Goal of the exercise — Among the records below, find the line that has "バーテープ ロードバイク用 ザー調"; from there, give the lines again exactly, and stop after the line that has "Lors de l'exercice".

Working data —
....

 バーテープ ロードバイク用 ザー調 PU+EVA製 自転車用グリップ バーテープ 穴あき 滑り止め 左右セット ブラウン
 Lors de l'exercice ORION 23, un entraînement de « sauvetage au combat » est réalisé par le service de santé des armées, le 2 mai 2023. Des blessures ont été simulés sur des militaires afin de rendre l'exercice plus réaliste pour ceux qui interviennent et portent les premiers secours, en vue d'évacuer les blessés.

....

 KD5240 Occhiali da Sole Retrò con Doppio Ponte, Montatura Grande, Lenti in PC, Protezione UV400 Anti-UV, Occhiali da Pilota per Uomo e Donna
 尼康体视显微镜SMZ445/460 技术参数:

....

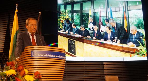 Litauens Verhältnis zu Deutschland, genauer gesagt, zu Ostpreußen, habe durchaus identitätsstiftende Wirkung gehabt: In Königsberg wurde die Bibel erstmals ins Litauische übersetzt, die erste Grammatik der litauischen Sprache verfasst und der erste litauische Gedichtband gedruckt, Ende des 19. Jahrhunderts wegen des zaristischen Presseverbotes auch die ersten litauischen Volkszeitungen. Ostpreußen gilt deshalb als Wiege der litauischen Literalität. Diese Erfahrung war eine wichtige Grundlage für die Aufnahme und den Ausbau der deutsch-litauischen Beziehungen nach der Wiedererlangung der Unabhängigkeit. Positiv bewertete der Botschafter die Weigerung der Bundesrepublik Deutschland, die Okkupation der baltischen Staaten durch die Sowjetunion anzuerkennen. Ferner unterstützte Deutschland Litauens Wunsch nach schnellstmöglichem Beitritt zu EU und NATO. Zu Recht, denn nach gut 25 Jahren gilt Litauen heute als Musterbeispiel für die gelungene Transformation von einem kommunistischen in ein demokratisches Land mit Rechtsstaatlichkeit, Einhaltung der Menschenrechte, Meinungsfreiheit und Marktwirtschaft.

....

Response —
 バーテープ ロードバイク用 ザー調 PU+EVA製 自転車用グリップ バーテープ 穴あき 滑り止め 左右セット ブラウン
 Lors de l'exercice ORION 23, un entraînement de « sauvetage au combat » est réalisé par le service de santé des armées, le 2 mai 2023. Des blessures ont été simulés sur des militaires afin de rendre l'exercice plus réaliste pour ceux qui interviennent et portent les premiers secours, en vue d'évacuer les blessés.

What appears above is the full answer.